The Sixth Extinction by Elizabeth Kolbert

For this one, I thank Jon Stewart's The Daily Show for this one. He had Elizabeth Kolbert on the show and I was really interested in the book. I recommend following the link to go to the interview!

The Sixth Extinction covers the mass extinction happening right now to many plants and animals. There have been 5 extinction events previously, with the dinosaurs being the newest (relatively speaking). The cause of the sixth event turns out to be.... us.

Kolbert lays out the evidence that humans are, purposefully or not, pushing species right off the ledge of extinction. She lays out different issues in each chapter, ranging from the ever present but still poo-poo'd climate change, ocean acidity, coral reefs breaking down to how modern humans wiped out Neanderthals (after having sex with them).

It's not a horribly in-depth book, so you don't need a science degree to understand it, but it delves enough into each scenario to make you worry about the future of the earth. As one scientist noted we are liable to wipe ourselves out along with other species. And that is pretty scary.

Friday, March 28, 2014

Doctor Sleep by Stephen King

I'm trying desperately to remember if I've read The Shining or if I've seen the movies. I know this sounds bad, but it's such a well-known story, I feel like I've read it even though I really don't think I have. I've seen enough of the movie, enough of King's miniseries of the movie and The Simpson's episode.

Doctor Sleep is the sequel to The Shining and it's a damn good one. Little Danny Torrance and his mom Wendy survived the Overlook hotel and moved on to make a (somewhat sad) life for themselves. We start with Danny as a kid, still seeing the ghosts from the Overlook and learning tricks from Dick to keep his sanity.

Danny grows up and is basically a shadow of his father, giving in to his alcoholism and drifting around the US. The book mostly races through this time of Dan's life, focusing on one pivotal moment of a drunken haze, and blazing forward into a town called Frazier. And there we stay, while the events of Dan's life play out.

I don't think there are major plot points to give away but we are introduced to the True Knot, led by Rose the Hat. They are vampires of a sort, traveling the country in RVs, finding kids with shining to feed upon, suck dry and bury in shallow graves.

Dan still has his shining and he teams up with a young girl, Abra, with more power than he can even imagine to stop the True Knot.

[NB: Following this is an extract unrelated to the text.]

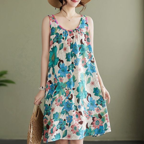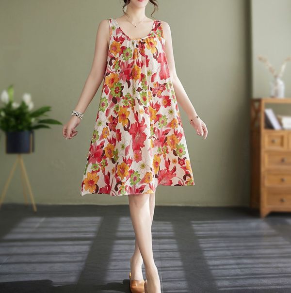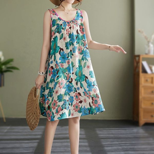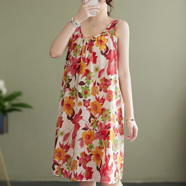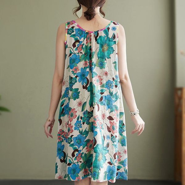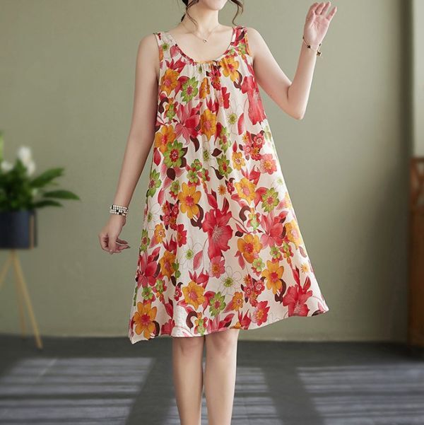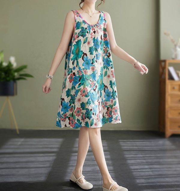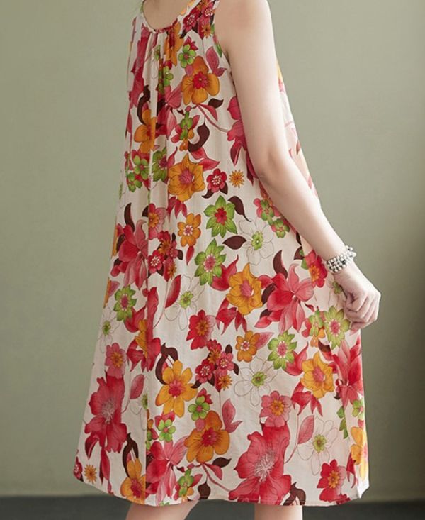 レディース ワンピース ノースリーブ フレアスカート 花柄プリント EY21

Classic King. I was determined to finish the last third of the book in one day and my poor dog was neglected (she says). I love it when books suck me in like this.

Saturday, March 22, 2014


I haven't completed any new books but am still reading 2 from the local library. I had varicose veins removed on Friday the 14th and I thought I would happily spend time on the couch reading for my recovery. Buzz!

Sharp, stabbing pain in the leg just isn't complementary to happily reading.

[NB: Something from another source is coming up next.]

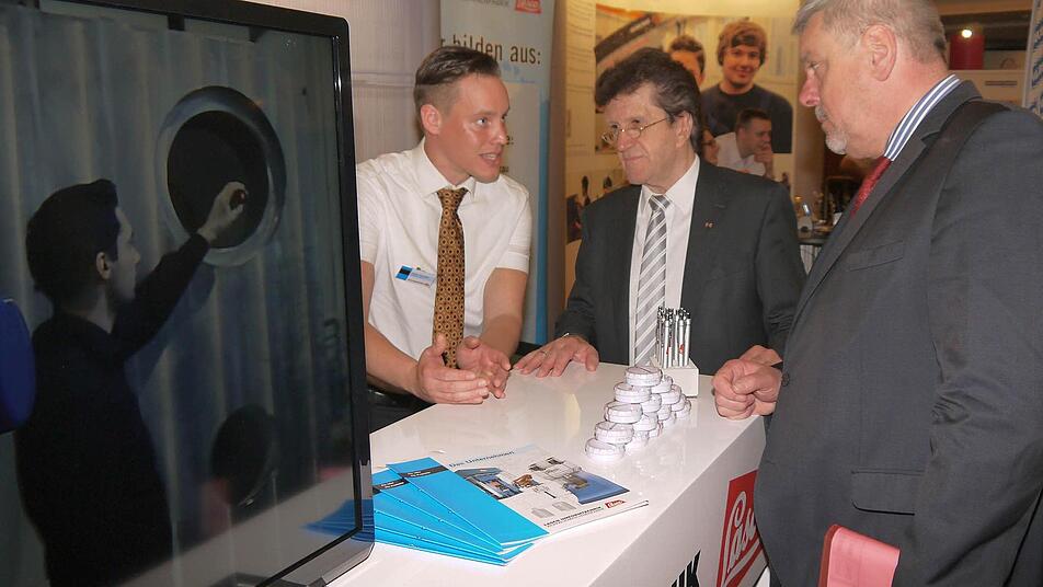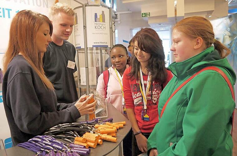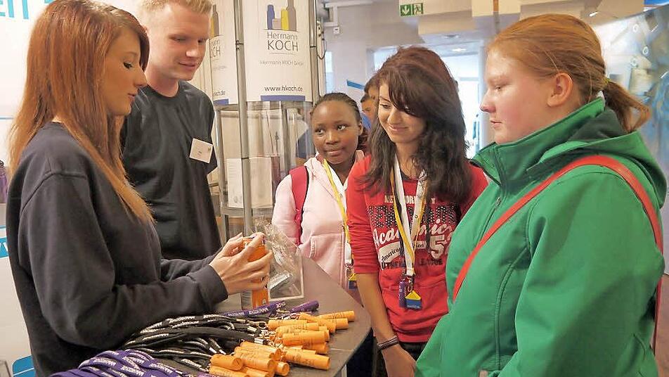 Julia und Tony haben ein stressiges Wochenende. Die beiden Auszubildenden beim Creidlitzer Kunststoff-Spezialisten Hermann Koch stehen am Stand ihrer Firma bei der Berufsbildungsmesse im Coburger Kongresshaus. Dort erklären sie interessierten Jugendlichen, was sie während ihrer Ausbildung bei Koch alles so machen. Die Führungskräfte aus dem Unternehmen halten sich dabei im Hintergrund. "Es ist wichtig, wenn die Schüler mit unseren Auszubildenden jemand haben, mit dem sie auf Augenhöhe reden können", sagt Melanie Krempel von der Marketingabteilung bei Koch.

I'm still reading The Sixth Extinction by Elizabeth Kolbert and it really good. But I had to stop temporarily to read something not so in-depth and brainy.

I switched to Doctor Sleep by Stephen King and, while I haven't actually read The Shining, I'm really enjoying this one. So much in fact, my knitting has taken a hit. Maybe I should have gotten the audio....

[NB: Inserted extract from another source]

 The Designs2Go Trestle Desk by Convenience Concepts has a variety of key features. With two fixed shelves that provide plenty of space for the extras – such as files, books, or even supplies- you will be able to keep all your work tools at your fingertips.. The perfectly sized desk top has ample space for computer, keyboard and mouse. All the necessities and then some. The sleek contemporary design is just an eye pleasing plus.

I'm on a short wait list for Catching Fire on Netflix which is disappointing, so I'm appeasing myself with Season 2 of Deadwood. My, but the F-word is dropped a lot.

And that's the ketchup...

Saturday, March 8, 2014

Ashfall by Mike Mullin

Ashfall (and the trilogy) was recommended by a friend on Facebook. YA books are becoming mainstays in my reading pile because they are much improved from back in my day (yes, I'm old). Mullin is also an Indianapolis author and I like to support the natives :)

I had a seen a documentary a bit ago about supervolcanos and Yellowstone was listed as one of the greats. It detailed the catastrophic nature of what would happen if it erupted again. It's erupted about 3 times previously, millions of years ago, and people are saying it's "due".

I visited Yellowstone on a family vacation and was pretty young. I never really fathomed that there was a volcano under there. It was just stinky and pretty.

Ashfall gives us Alex Halprin, in Cedar Falls, IA, home alone while his family visits other family in Illinois. Something crashes into his house, collapsing it and starting a fire. He escapes and stays with his neighbors and thus begins the fallout of Yellowstone erupting. Thunderous noise and ash falling so fast and furious that no light can be seen keeps them all in terror for the first of this disaster. Almost immediately, looters are prevalent (which is disheartening) and Alex begins a journey to Illinois to find his family.

He encounters many shady characters, some good people and some scary government people. His trip is difficult and I appreciated his ingenuity in his journey.

I'd rather not give away any more plot points so I will say this reminded me of a teen version of The Road with more emphasis on teen love and less lyrical in it's storytelling. I'm disappointed that cannibals appear so quickly as they did in The Road. Is that really what we will immediately resort to? Ugh.

I'm definitely reading the next books in the series. This is a good one.